Data entries:
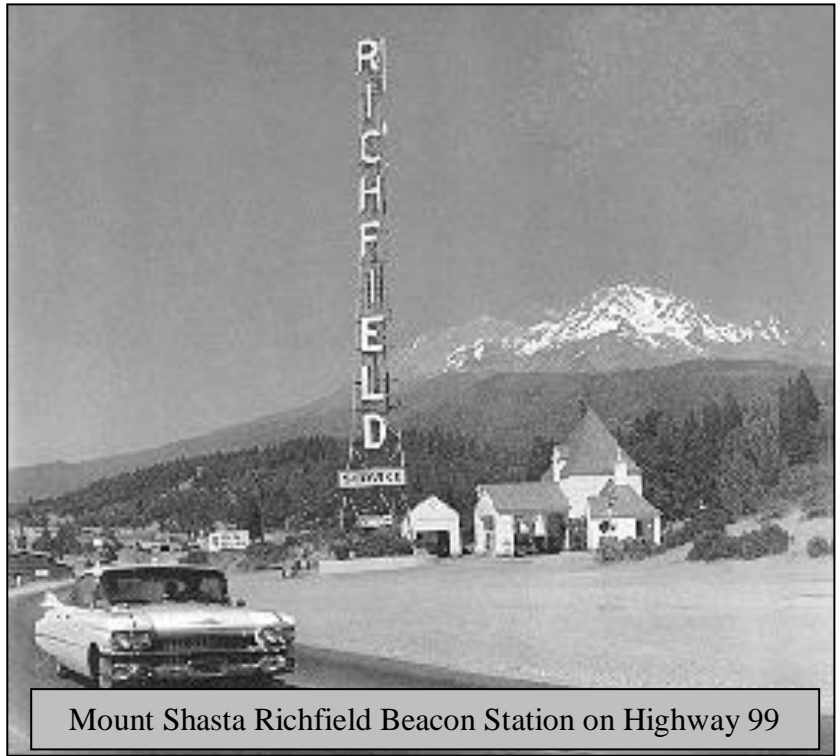
Mount Shasta Richfield Beacon Station on Highway 99
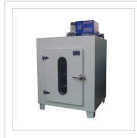
Post Curing Oven
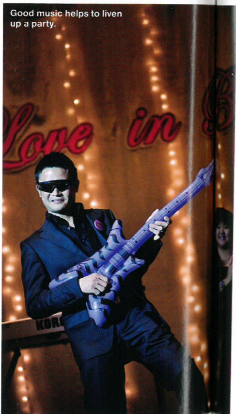
Good music helps to liven up a party.
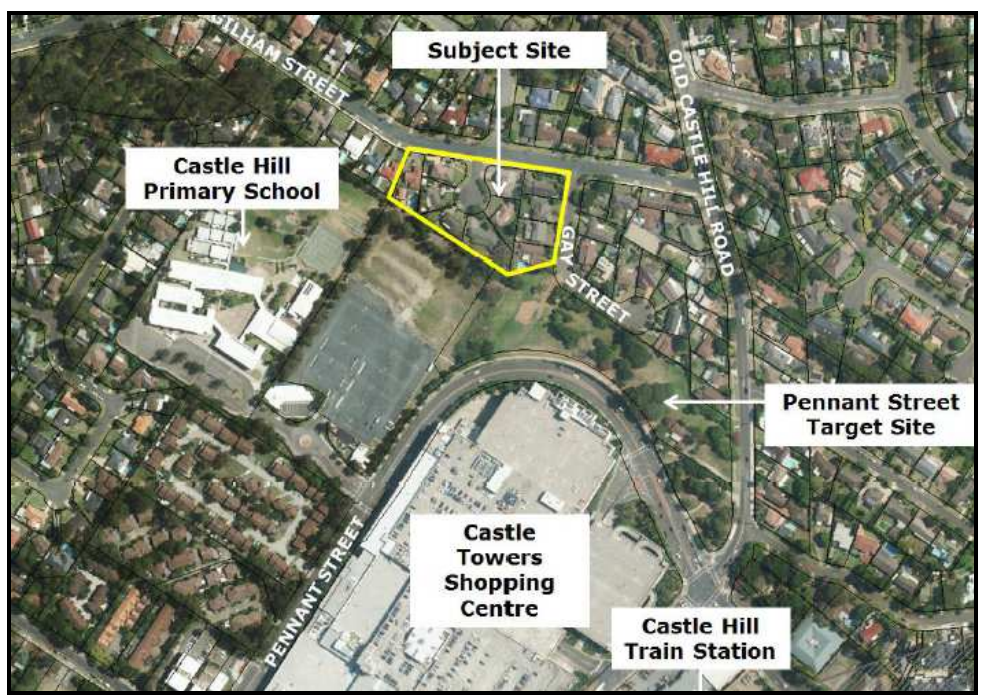
Figure 3: Subject site and surrounding area

Due to the introduction of a rail line and station at Castle Hill, the area is likely to undergo significant change and the proposed development is not considered out of keeping with the anticipated growth within this area, as set out in the Strategy.

### [Action item]
The response must contain exactly the lines from the one with "Figure 3: Subject site and surrounding area" to the end of the entries above, both included, and nothing more.

### [Answer area]
Figure 3: Subject site and surrounding area

Due to the introduction of a rail line and station at Castle Hill, the area is likely to undergo significant change and the proposed development is not considered out of keeping with the anticipated growth within this area, as set out in the Strategy.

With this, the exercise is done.